Mr. Landis said Tuesday that the vast majority of the Sunni Arabs may well view the Islamic State movement in Syria and Iraq with fear, but there is still great risk that the U.S.-led airstrikes “will be perceived as an American injustice — even if there is this conglomerate of Arab potentates flying as America’s wingman.”

The “underlying problem,” Mr. Landis said, “is that Sunni Arabs in general feel like the U.S. has hurt them badly because it destroyed Sunni Arab control of Iraq and cast the Shiites to control in Baghdad” following a decadelong U.S. military occupation of Iraq.

Tight-lipped

U.S. defense officials Tuesday were tight-lipped on the role of the U.S. Arab allies in the current campaign. Pentagon spokesman Army Col. Steve Warren said Tuesday that some four dozen coalition aircraft participated in the campaign and that, collectively, their pilots dropped about 200 missiles on Islamic State targets in Syria.

But he offered no details, saying only that “those nations have requested that we not publicize their contributions” and that “they have said that they would like to discuss their actions” on their own.

Pentagon sources told The Washington Times that Qatari pilots were assigned to patrol Syrian airspace while pilots from other Arab allies were dropping bombs on Islamic State targets on Monday night.

“The Qataris conducted combat air patrol,” said one Pentagon official. “It means they flew around looking for enemy aircraft. In this case, Syrian aircraft.”

Jordan’s military offered the most extensive justification for the mission, saying in a statement that it had decided to participate only after making repeated, failed requests to the government of Syrian President Bashar Assad to control the flow of militants roaming freely across the Syria-Jordan border during recent months.

Shaky alliance

Some analysts in Washington believe the silence from the Arab partners is because the Obama administration has only assembled a “paper coalition,” in the words of Clifford May, president of the Foundation for Defense of Democracies think tank.

Mr. May said the current level of support may soon waver if Washington is seen as indirectly bolstering the Shiite-aligned power of the Assad regime in Syria by defeating its Sunni extremist adversaries.

Some analysts said the strength of the coalition in the longer run will depend on the Obama administration following Monday’s strikes with ongoing action against the extremists.

Regional partners such as Bahrain, Jordan, Saudi Arabia and the UAE, and European allies like Britain and France, can be counted on if the Obama administration “shows it is truly committed and will listen as well as lead,” according to Tony Cordesman, a longtime Middle East and security analyst at the Center for Strategic International Studies in Washington.

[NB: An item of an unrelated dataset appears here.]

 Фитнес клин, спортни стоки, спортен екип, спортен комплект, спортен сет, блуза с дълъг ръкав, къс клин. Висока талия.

Mr. Cordesman pointed to an analysis Tuesday saying the U.S.-Arab coalition “showed the U.S. effort to create an alliance was real, ended the Islamist State’s ability to claim that the fight was fought by foreign and crusader forces and effectively showed that this was an international effort, not simply a U.S. one.”

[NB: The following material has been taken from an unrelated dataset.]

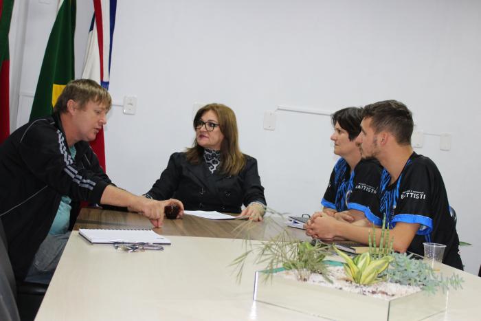 A presidente Neca Dalmoro (PDT) recebeu, na manhã desta terça-feira, dia 23, na Sala da Presidência Selvino Dalmoro, a visita do presidente da Associação de Moradores do Bairro Moinhos D’Água, Paulo Roberto Schneider, o Beto, e dos integrantes do Projeto Semente do Futuro, Vanuza Adriana de Rosso e Jonathan Junior Bomm. Na oportunidade, a comitiva apresentou à presidente o projeto e falou sobre a importância de colocá-lo em prática em várias localidades do município.

But Mr. Cordesman also noted challenges on the ground, such as whether Sunni Arabs will play an effective role in the ground assault against the Islamic State inside Iraq.

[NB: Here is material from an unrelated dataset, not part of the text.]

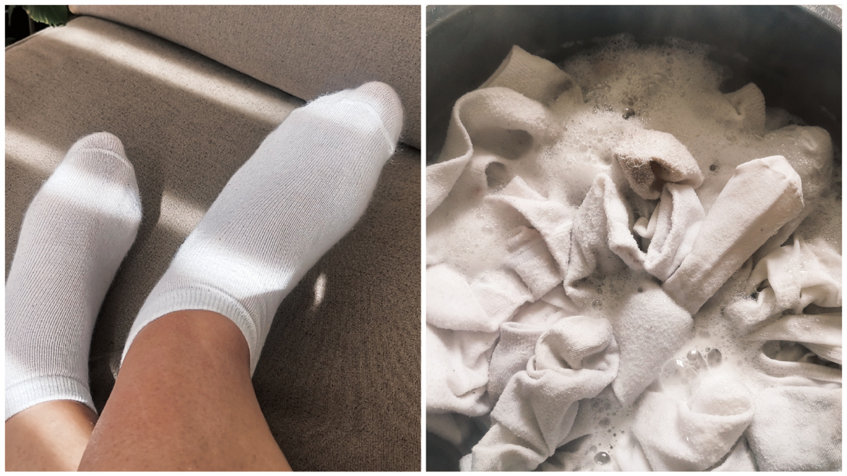 Попался ролик. Мужчина усердно и так уверенно показывал, как отбелить белые носки. В тазик кинул носки, к ним соду, потом моющее средство и к ним налил уксус. После всех ингредиентов залил все кипятком. И через какое-то время достал из тазика “блестяще” белые носки.

More broadly, Mr. Landis argued that beyond the Shiite-controlled governments in Syria and Iraq, there is widespread unease among Sunni Arabs toward their own Sunni-controlled governments.

“I think Arabs understand at this point there is something deeply dysfunctional about the political order of the Mideast,” he said. “The governments are not representative. While many citizens are fearful of slipping into civil war and being disobedient subjects, they still chafe at the political order.”